MTSS School Level Team

MTSS

School Level Team

At the heart of a MTSS is the school level team.  Sometimes known as a school improvement team, this team acts as the principal problem-solving driver for the entire MTSS.  The school level team identifies and addresses school-level barriers, monitors and supports the development of systems, establishes and maintains a robust educator support system, monitors implementation fidelity, and analyzes student outcome data.  

The school level team provides support to the various sub-teams in the building, and should adopt a consistent team structure that includes norms and agreements, a consistent problem-solving process, and a process for action planning.

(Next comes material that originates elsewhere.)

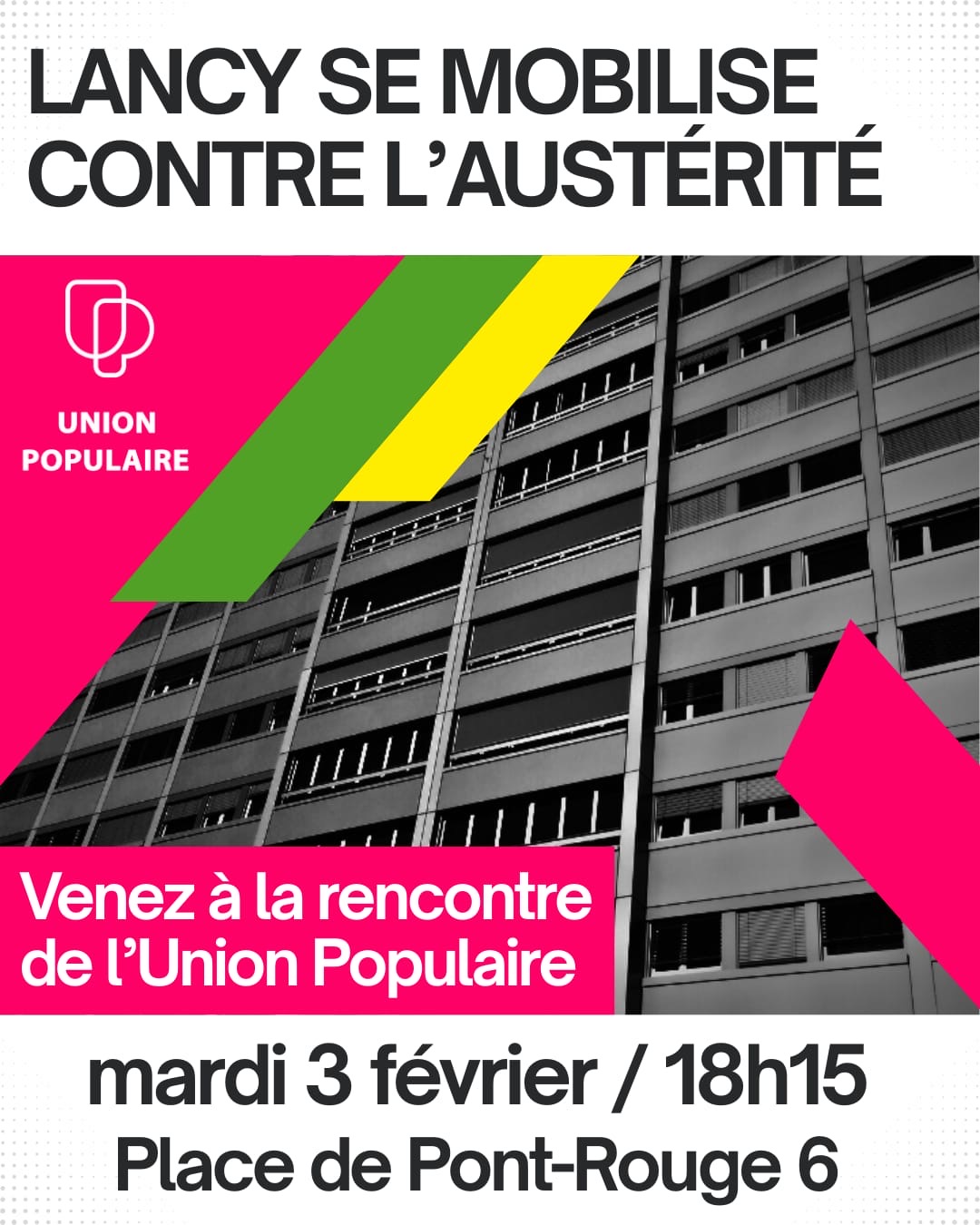 L’Union populaire (UP) de Lancy a suivi les débats sur le budget 2026 au Conseil municipal de la commune en décembre. Nous avons vu une majorité de droite décider d’un régime d’austérité, qui prive les habitant·e·s et les salarié·e·s de prestations municipales dont ils et elles ont bien besoin. Du logement abordable aux crèches, la commune peut et doit faire mieux, pas faire moins ! Or la politique de repli antisocial dominante n’est pas une fatalité. Elle ne correspond pas à la volonté populaire. L’UP a donc lancé trois référendums qui permettront - pour commencer - aux habitant·e·s de la commune de dire NON à trois décisions aberrantes du municipal :

The school level MTSS team act as the architects of a school-wide MTSS.  They facilitate the design of the system, and lead the transformation of systems from current status to maximum efficiency.  Team members should be selected on more than just a title.  Any passionate adults interested in school transformation, and has experience in, or desire to learn, implementation or transformation should be considered as members of the team.

Theory into Action

 
Implementation

Examine: The first part of moving from theory to action is to conduct an audit, or an exploration phase, of your current and past practices and to develop a vision of what you would like to see happening in the future. Begin by assessing the current state of practice(s), identify if there is a need to address, identify the potential barriers to that need/challenge, and define a reasonable goal.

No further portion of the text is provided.